Give your portfolio a profitable makeover by adding homewares

The British passion for property is spreading to encompass homewares. People are splashing out record sums on cushions, floor coverings and indoor and outdoor furniture, making over their homes to suit new work and leisure patterns, and to follow the latest interior design trends. 

Listen in to conversations in furnishings stores (as I do, for research you understand) and you will be struck by the determination to upgrade items and the awareness of what’s hip and what’s not. 

It could be that this trend will be short-lived. After all it was driven by the need for a higher degree of domestic comfort in lockdown and the back garden staycation. 

But it’s perhaps more likely that there has been a longer-lasting adjustment in spending priorities that will continue beyond the ending of the stamp duty breaks that have propelled property values. Andy Haldane, the Bank of England chief economist, has described the market as ‘on fire’. 

This debate will increase the focus on this month’s £1billion flotation of Made, the online furniture retailer, though private investors cannot participate. Made will join a list of companies boosted by the estimated 10 per cent uplift in homeware sales over the past year.

Their fortunes now depend on the intensification of our relationship with interior decor. They include Dunelm, the market leader, but also B&M, DFS, Kingfisher (owner of B&Q), SCS, Topps Tiles, Wickes and Wayfair – the ‘category leader’ in the US, but big here too. Sainsbury’s also seeks a slice, having made the Habitat name its main home and furniture brand. 

This week Russell Galley, managing director of Halifax Bank, suggested that the 10.9 per cent annual rise in the bank’s house price survey ‘points to a deeper and long-lasting change, as buyer preferences shift in anticipation of new, post-pandemic lifestyles’. So if the dream dwelling is an even more cherished goal, should you sink some cash into homewares? 

Clive Black, of broker Shore Capital, senses that the boom shows that people feel able to splash out again. He says: ‘After the financial crisis, households remained cautious because since then we’ve been through a litany of challenges. Now the economy is growing at the fastest rate since World War Two.

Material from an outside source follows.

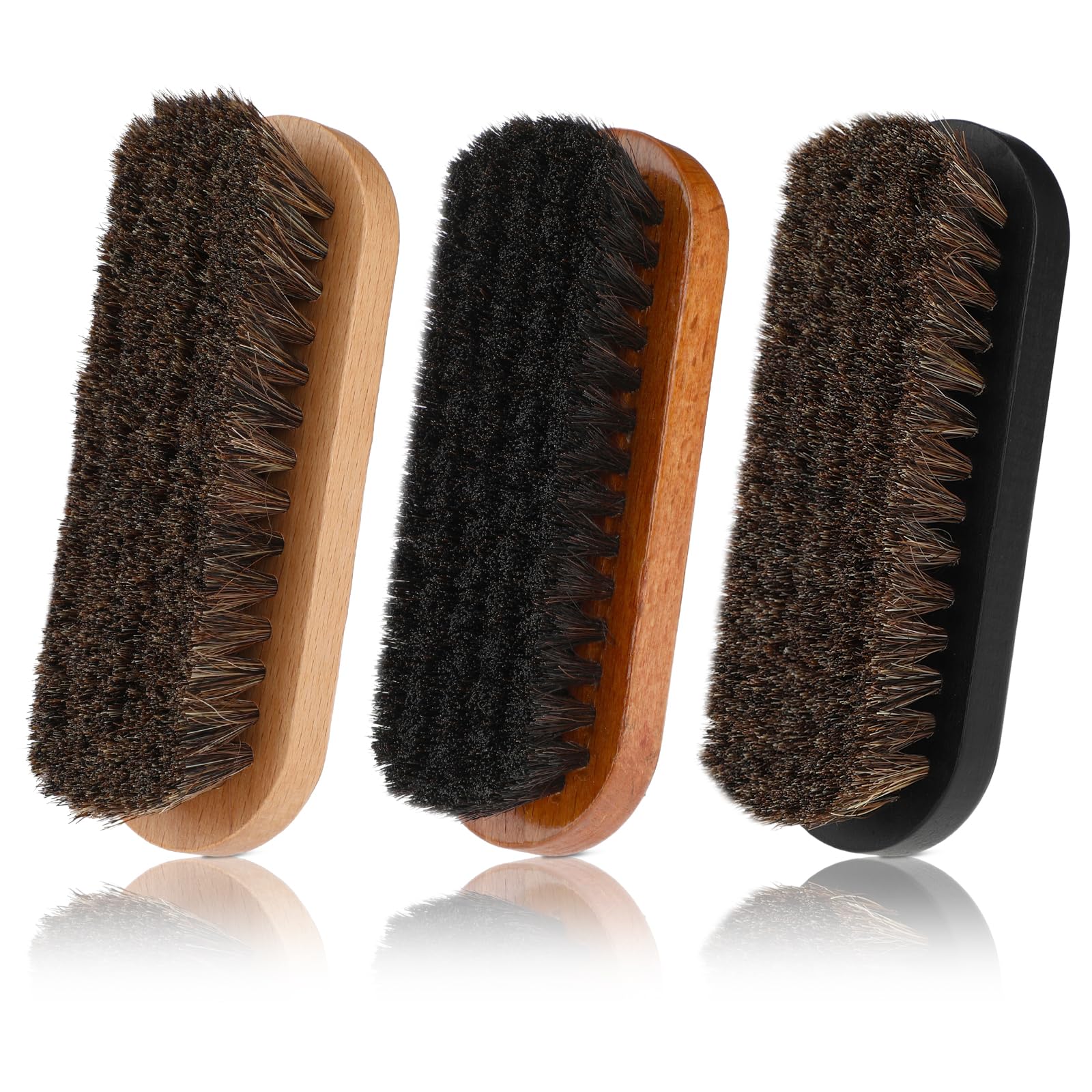 Amabro 3PCS Horsehair Shoe Brush, Shoe Polish Brushes Leather Shine Brush Suede Shoes Cleaning Brushes Wooden Handle for Boots Shoes Car Seats Sofas Bags Sneakers

‘There are high levels of consumer confidence and employment and a wall of money – about £160billion – in bank accounts. 

‘Some of it is going to go on big ticket and other pieces for the home. That’s going to continue, especially since we reckon that many people will be working from home one or two days a week.’

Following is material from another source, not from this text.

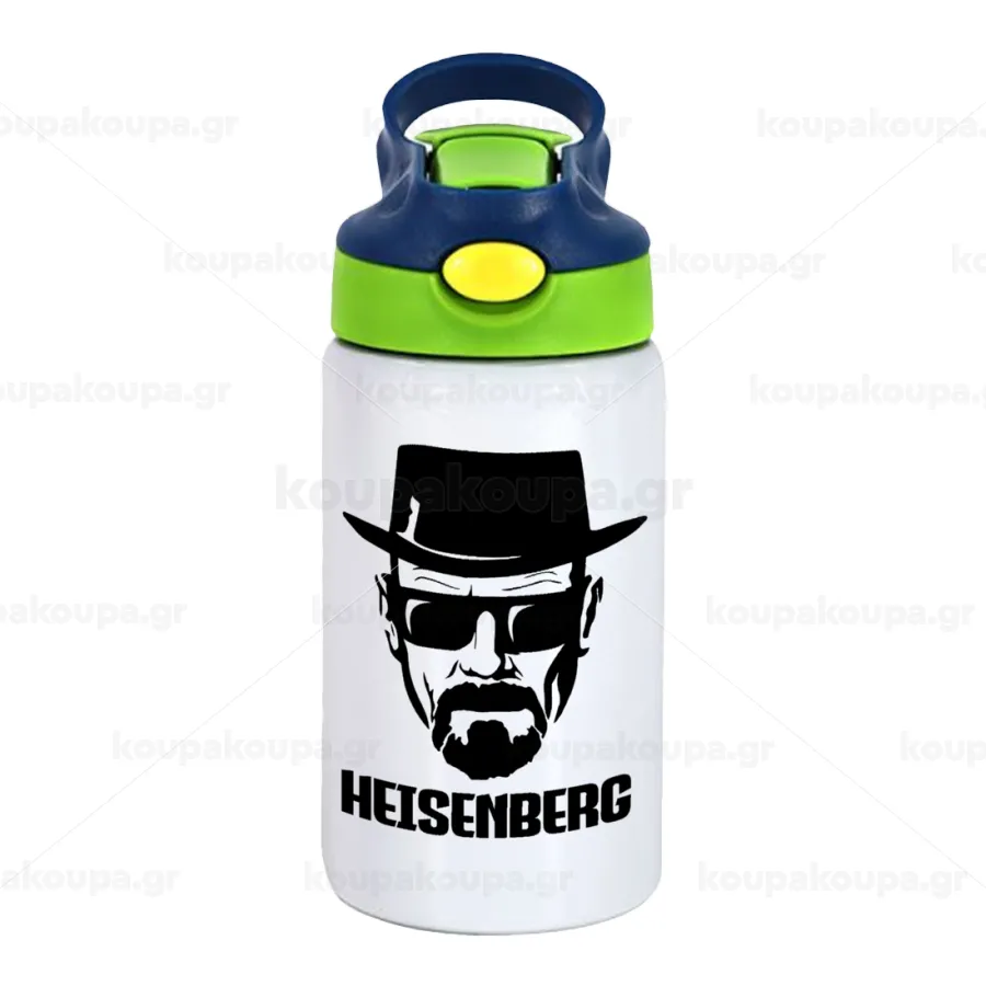 Heisenberg breaking bad, Παιδικό παγούρι θερμό, ανοξείδωτο, με καλαμάκι ασφαλείας, πράσινο/μπλε (350ml)

Black argues that Sainsbury’s could be one beneficiary. Others are more doubtful, which is one of the reasons why the supermarket’s shares are among the most shorted. 

By contrast, most observers think Dunelm, which Black calls ‘a class act’, could advance further. 

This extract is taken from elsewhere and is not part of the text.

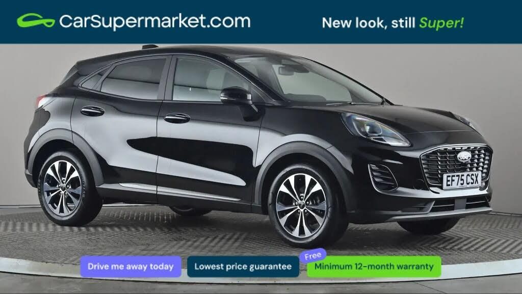 Lane Departure Warning, Traffic Sign Recognition, Android Auto, Apple CarPlay, Sat Nav, Quickclear Heated Windscreen, Privacy Glass;Ford Puma 1.0 EcoBoost Hybrid mHEV Titanium (Black) A compact SUV offering mild hybrid efficiency with modern technology and practicality. Includes lane departure warning, traffic sign recognition, Android Auto, Apple CarPlay, sat nav, Quickclear heated windscreen, and privacy glass. Optional extras include Agate Black paint and cloth upholstery in black with grey stitching (£800). Minimum 12-month warranty. MOT due 04/12/2028.

Most observers think Dunelm, which Black calls 'a class act', could advance further

Most observers think Dunelm, which Black calls ‘a class act’, could advance further

Shares in the company, which is 45 per cent-owned by its founding family the Adderleys, are up 30 per cent this year. Sales in the seven weeks to March 28 were 59 per cent above the same period of 2019 and full-year profits are now expected to be £148m, against earlier forecasts of £128-£134million. 

Behind this success lies Dunelm’s grand design – providing for the budget-conscious as well as the affluent, for those who want a £7 duvet cover and those who want the £70 Egyptian cotton version. 

John Stevenson, of Peel Hunt, says: ‘The retailer competes with B&M and the discounters – and John Lewis. Its stores’ low occupancy costs mean that none are loss-making. Dunelm pays an average of £12 per square foot, against about £20 for Kingfisher.’ 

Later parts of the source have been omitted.